If I were to have any advice for an immigrant it is to experience Spain when you are young, study here, learn the language and travel around, even work for a few years teaching English if you can. Appreciate the good things Spain has to offer when you are young, appreciate the different things Spain can offer when you are near retirement, but do not launch yourself into business in Spain in order to make your fortune, because you are likely to be beaten down by bureaucracy, taxes, employment law and the lack of purchasing power in the economy; best to wait until you are wealthy enough to live here without working!".

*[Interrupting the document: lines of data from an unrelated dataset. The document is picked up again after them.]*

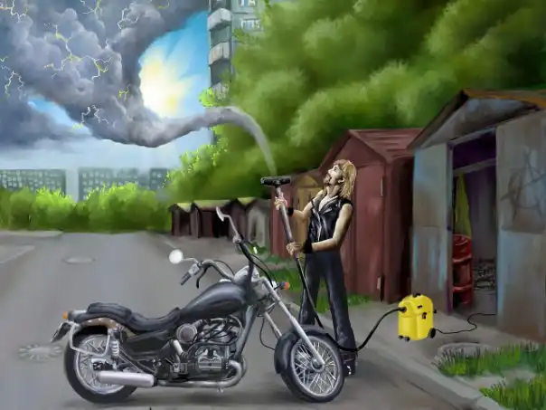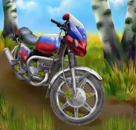 "... поехали мы, с отцом в деревню, значит, а это километра 3 от кордона. А! Мотоцикл еще! Это был уникум! Я такого не видел никогда! Значит, во-первых, он был трехцветный, потому что его красили три раза и все три раза краска облезала... Во-вторых, в нем вообще не было тормозов. То есть, отца однажды когда поймали менты, они ничего отцу не сделали, но они два часа его не отпускали -- они гоняли этот мотоцикл взад-вперед и не понимали, как на нем вообще можно ездить. На нем росла трава, потому что забивалась во все щели -- и выросла! Отец ее принципиально не уничтожал. И наконец -- там жили несколько пауков-крестовиков, которые сплели на нем вот такого размера круглые паутины. И переливаясь, значит, всеми этими радужным флагами, это приспособление двигалось!!! Оно -- мотоцикл-рекордсмен, потому что за водкой на нем выезжало одновременно одиннадцать человек!" (с) Сергей Калугин, истории из жизни.
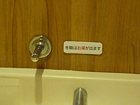 続いて洗面化粧台です。鏡の両サイドの内側に蛍光灯がはめ込まれた間接照明ですが初めて見ました。落ち着きがあって目に優しいです。洗った手の水分を吹き飛ばすエアータオルも化粧台毎に装備しているのもこれまた初めてです。お湯も出ます。
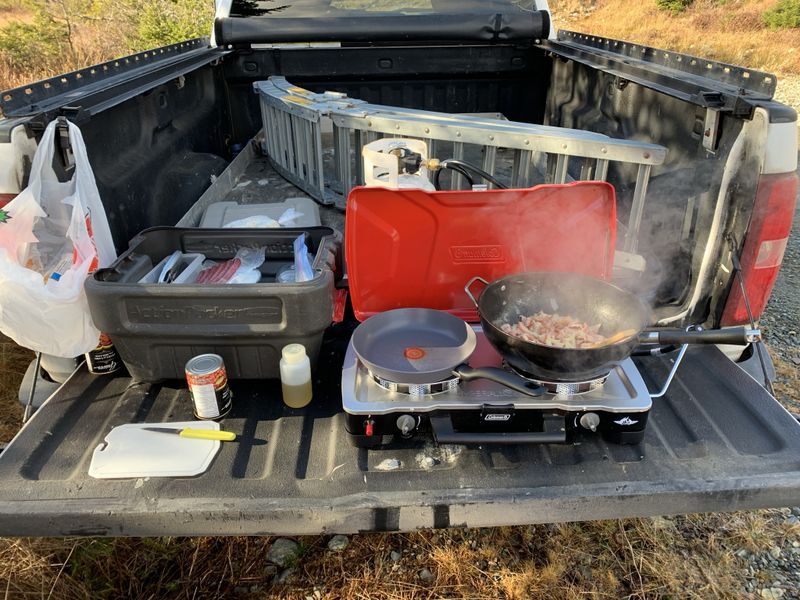 Today I fried up Bacon, onions, beans and a pan full of fresh fish white puddings using my Coleman Hyperflame stove on my tailgate turned countertop.
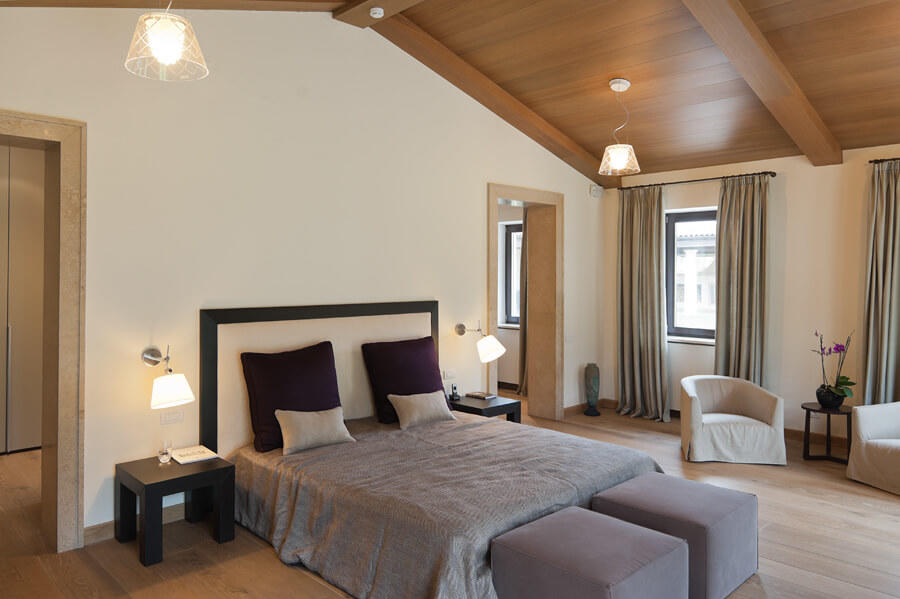 Для создания в спальне камерной атмосферы и уюта потолочное покрытие может быть выполнено из ламината. Часто применяется комбинирование материалов и разноуровневые потолки.

Thanks Tim for sharing your experience here!

4 comments:

  1. Granada. . .
    There is a dreamlike place.
    It is very famous in Japan.

    Thank you.
    ruma

    ReplyDelete
  2. Thanks Ruma for your comment, I absolutely agree with you about Granada, it is such a beautiful city and Alhambra Palace is magical and so evocative, I tell you! I am really glad it is so famous in Japan. Hugs from Spain Japanese friend!

    ReplyDelete
  3. Year by year, thousand of people decide to move permanently abroad and to make a new life for themselves and their families in a foreign land.
    While its true that the grass is always greener on the other side, many individuals have encountered problems abroad, then regretting not having ample support from their place of origin.
    One of the things one need to check out very carefully is the expat medical insurance.
    Examine the provision of healthcare.

    ReplyDelete
  4. Thanks Janedant for your good counselling, it will probably be very useful for many readers, regards and please feel free to come here and comment as often as you wish!